Most people don’t want to go bankrupt. For that very reason they are often reluctant to contact a bankruptcy trustee. However a consumer proposal is a great alternative to bankruptcy. It provides you with the same creditor protection and the ability to eliminate your debts, with some very significant differences. First we will review why you would want to choose either a consumer proposal or personal bankruptcy. Then we will take a look at some of the key differences in how the process for each works.
Why Choose A Consumer Proposal?
- Your monthly payments can be lower. If you are required to pay surplus income in a bankruptcy, this calculation is mandated by the federal government. If your income is unusually high during your bankruptcy you could end up making signficant monthly payments. A consumer proposal allows you to spread these payments over a longer period of time, reducing the amount you pay monthly to something you can afford.
- You keep your assets. If you have equity in your home, have investments (including an RESP for your children) you may want to preserve those assets for your family. A consumer proposal allows you to ‘buy out’ the value of those assets over a period of time.
- You avoid bankruptcy. For some, this is very important. There may be technical reasons they need to avoid bankruptcy (perhaps they have been bankrupt before and the cost is now higher for a second bankruptcy) or the reasons may be purely emotional. Both are valid considerations and a consumer proposal provides many of the same benefits without having to file for bankruptcy.

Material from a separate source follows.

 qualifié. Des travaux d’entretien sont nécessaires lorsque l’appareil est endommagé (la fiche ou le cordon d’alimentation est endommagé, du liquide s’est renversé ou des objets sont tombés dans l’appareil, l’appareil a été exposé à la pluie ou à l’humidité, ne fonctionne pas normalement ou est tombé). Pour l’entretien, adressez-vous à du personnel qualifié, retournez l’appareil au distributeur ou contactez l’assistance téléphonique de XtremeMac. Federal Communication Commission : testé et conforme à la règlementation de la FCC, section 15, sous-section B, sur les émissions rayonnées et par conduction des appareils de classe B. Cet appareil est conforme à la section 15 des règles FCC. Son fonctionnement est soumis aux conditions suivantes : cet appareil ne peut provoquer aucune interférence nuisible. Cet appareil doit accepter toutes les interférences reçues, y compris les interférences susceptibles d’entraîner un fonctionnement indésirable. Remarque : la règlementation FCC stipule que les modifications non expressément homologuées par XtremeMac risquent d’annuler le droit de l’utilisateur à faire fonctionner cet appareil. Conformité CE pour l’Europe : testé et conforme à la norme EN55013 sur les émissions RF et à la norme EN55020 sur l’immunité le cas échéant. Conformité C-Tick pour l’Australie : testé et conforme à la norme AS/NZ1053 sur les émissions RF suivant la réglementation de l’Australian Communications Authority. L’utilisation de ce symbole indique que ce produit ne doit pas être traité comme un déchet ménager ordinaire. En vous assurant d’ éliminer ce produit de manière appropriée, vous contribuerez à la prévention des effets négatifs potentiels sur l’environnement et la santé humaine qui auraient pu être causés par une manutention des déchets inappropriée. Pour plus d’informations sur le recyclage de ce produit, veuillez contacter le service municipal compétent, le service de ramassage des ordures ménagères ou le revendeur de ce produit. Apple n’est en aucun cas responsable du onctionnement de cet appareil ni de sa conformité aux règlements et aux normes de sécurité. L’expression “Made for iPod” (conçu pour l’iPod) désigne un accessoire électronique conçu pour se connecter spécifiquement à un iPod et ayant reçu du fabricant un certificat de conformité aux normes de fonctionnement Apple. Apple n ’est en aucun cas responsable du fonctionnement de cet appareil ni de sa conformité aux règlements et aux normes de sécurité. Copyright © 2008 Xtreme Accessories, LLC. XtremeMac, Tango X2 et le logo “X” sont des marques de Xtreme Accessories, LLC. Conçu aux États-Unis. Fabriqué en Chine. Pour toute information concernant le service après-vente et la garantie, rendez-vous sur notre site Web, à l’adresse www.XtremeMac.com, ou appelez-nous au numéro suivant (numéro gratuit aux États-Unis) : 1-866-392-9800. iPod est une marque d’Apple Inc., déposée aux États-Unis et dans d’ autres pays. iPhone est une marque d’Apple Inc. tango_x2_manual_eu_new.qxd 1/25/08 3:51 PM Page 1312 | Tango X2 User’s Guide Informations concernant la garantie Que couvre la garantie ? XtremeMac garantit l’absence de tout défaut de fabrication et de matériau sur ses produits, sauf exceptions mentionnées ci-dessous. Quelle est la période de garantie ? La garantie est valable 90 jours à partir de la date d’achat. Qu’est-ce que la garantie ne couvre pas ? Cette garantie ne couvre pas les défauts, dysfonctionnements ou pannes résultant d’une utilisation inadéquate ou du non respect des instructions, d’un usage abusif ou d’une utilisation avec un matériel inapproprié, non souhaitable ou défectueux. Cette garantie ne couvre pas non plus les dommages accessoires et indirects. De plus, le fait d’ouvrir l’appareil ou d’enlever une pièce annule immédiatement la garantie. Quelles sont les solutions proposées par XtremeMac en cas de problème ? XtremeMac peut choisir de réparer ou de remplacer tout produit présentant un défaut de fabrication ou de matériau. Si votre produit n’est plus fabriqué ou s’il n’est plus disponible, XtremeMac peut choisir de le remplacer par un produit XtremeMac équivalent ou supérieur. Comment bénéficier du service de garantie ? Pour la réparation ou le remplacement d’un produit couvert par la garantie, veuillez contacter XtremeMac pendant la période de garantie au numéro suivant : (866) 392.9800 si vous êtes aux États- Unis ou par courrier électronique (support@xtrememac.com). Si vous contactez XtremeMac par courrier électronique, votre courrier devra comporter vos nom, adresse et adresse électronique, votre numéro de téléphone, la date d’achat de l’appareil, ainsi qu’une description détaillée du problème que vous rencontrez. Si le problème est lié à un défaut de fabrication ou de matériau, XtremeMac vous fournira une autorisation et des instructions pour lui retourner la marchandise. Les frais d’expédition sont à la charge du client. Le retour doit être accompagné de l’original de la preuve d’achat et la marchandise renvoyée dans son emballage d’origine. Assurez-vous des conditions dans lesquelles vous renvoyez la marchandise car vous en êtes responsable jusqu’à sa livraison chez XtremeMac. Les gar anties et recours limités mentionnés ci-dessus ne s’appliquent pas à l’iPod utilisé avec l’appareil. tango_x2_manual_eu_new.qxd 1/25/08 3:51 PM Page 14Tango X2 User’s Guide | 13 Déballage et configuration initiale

- You have peace of mind. Many people feel they owe the money and want to repay what they can. A consumer proposal gives them a sense of satisfaction that they have done what they could.
Why Choose Bankruptcy?
- A bankruptcy can be shorter. In most circumstances, a bankruptcy will be over sooner than a typical consumer proposal. In most cases, you are eligible for an automatic discharge within 9 months. However this is extended if you have surplus income.

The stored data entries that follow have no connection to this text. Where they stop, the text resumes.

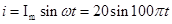 本题解析:观察电流随时间变化的图像,电流变化为正弦交流电,最大值为20A,C错误。正弦交流电有效值为最大值除以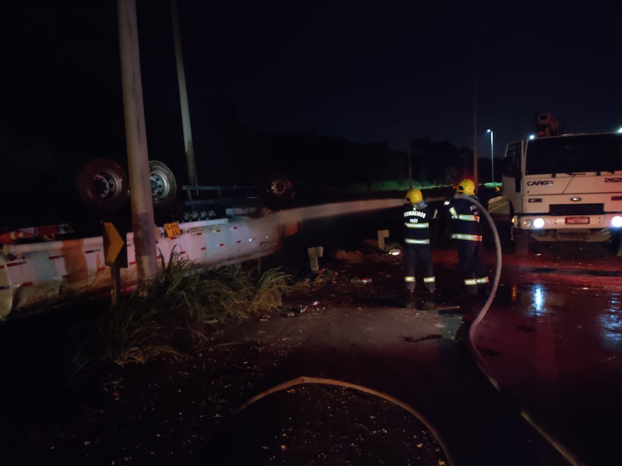 O Corpo de Bombeiros não informou como a carreta sofreu o tombamento.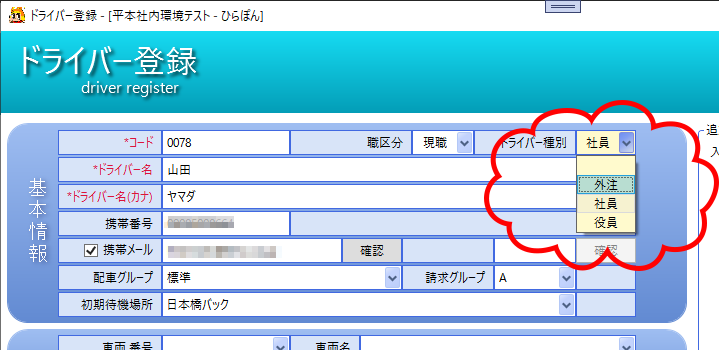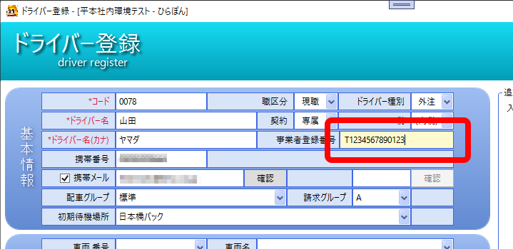 ドライバー種別を「外注」にすると「事業者登録番号」設定欄が表示されます。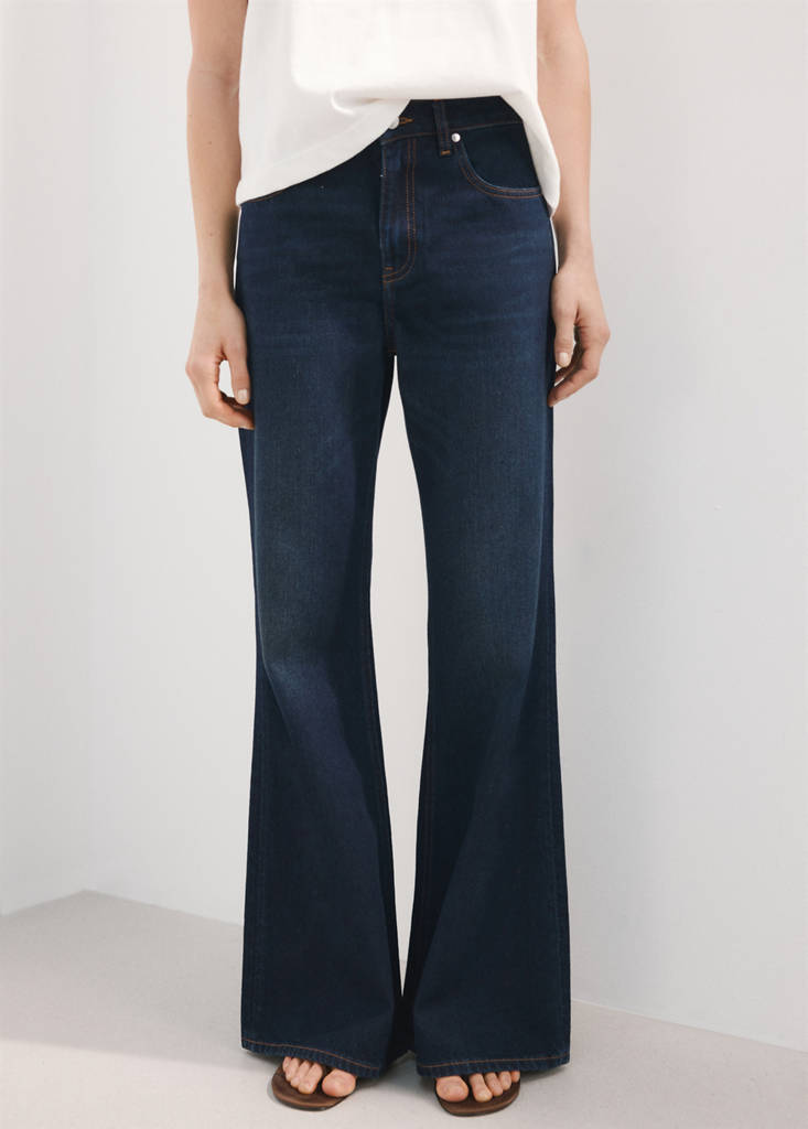 Denim-style cotton fabric. Long design. Flare design. Mid-rise. Belt loops. Five pockets. Front zipper and button closure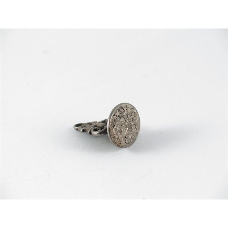 A late Victorian caddy spoon, with an openwork 'lyre'-shaped handle, the bowl in the form of a sun mask, by William Comyns, London 1890.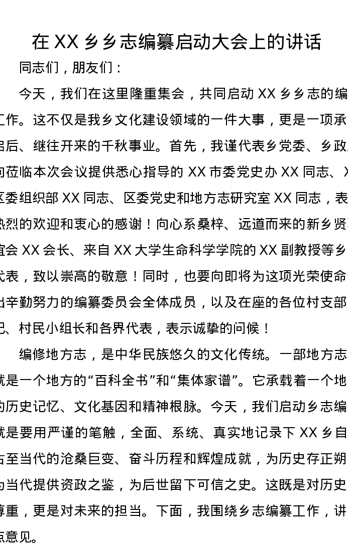 在XX乡乡志编纂启动大会上的讲话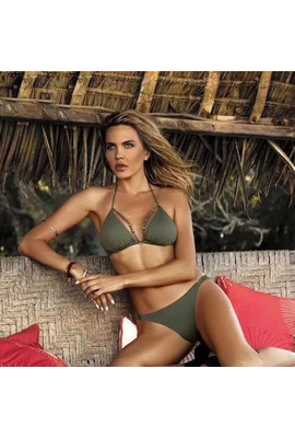 Женский раздельный купальник с чекером и лифом в форме треугольник. Цвет: Хаки Бюст на уплотненной основе, также на завязках на шее и спинке. Трусики закрытые средней посадки. Размер: S, M, L, XL.

- You do not have enough income to support a proposal. This can happen if your income is too low, or you have high eligible expenses such as support payments or health expenses. You must be able to meet your proposal payments during the entire term of your proposal. If you miss 3 payments your consumer proposal is considered annulled, you lose the any creditor protection you received and your creditors can pursue you for your debts, including interest and penalties.
- You do not believe your creditors will vote in favour of your proposal. To be accepted creditors holding 50%+1 of the dollar value of your debts must agree to your proposal. If you have one large creditor who you think will not agree to your proposal, or you cannot offer enough to ensure your proposal will be accepted, bankruptcy may be the preferred solution.
While both a consumer proposal and bankruptcy are filed through a trustee in bankruptcy and administered under the Bankruptcy & Insolvency Act, there are some considerable differences in your requirements and how each are completed:
|Debts||Less than $250,000 (excluding your mortgage).||More than $1,000, no upper limit.|
|Who is Eligible||Individuals.||Individuals and companies.|
|Filing||Through a Bankruptcy Trustee acting as a Consumer Proposal Adminisitrator.||Through a Bankruptcy Trustee.|
|Approval||Voted on by your unsecured creditors within 45 days. Only accepted if 50% + 1 of dollar value of claims agree.||Automatic. No voting required.|
|Creditor’s Meeting||If 25% of creditors require. Meeting may be called to review proposal prior to acceptance where you can renegotiate terms.||Very rare. More based on creditor’s concern over procedure & legal issues.|
|Cost||Negotiated settlement.||Cost defined based on surplus income and value of assets.|
|Payments||Fixed, over the period of the agreement (not more than 5 years).||Payments and length of time can vary based on surplus income calculation.|
|Monthly Reporting||None.||Monthly budget statement required.|
|Tax Refunds||Your’s to keep.||Estate keeps tax refunds/credits due to you during bankruptcy.|
|Length||Typically 1 to 5 years.||Legislated. Minimum 9 months. Extended for second time bankrupts and those with surplus income.|
|Discharge||Upon completion of payments. Can be paid out and completed early.||After completion of all payments AND minimum legislated period. Creditors can also object.|
|Early completion option||Yes.||No.|
|Credit Rating||3 years after completion.||6 years after discharge.|
The information above is a lot to take in. Whether you should file a consumer proposal or bankruptcy is a choice you must make based on your circumstances and preferences. We recommend you talk to a Consumer Proposal Administrator about these differences. They can help you understand which will be of most importance for you and your family.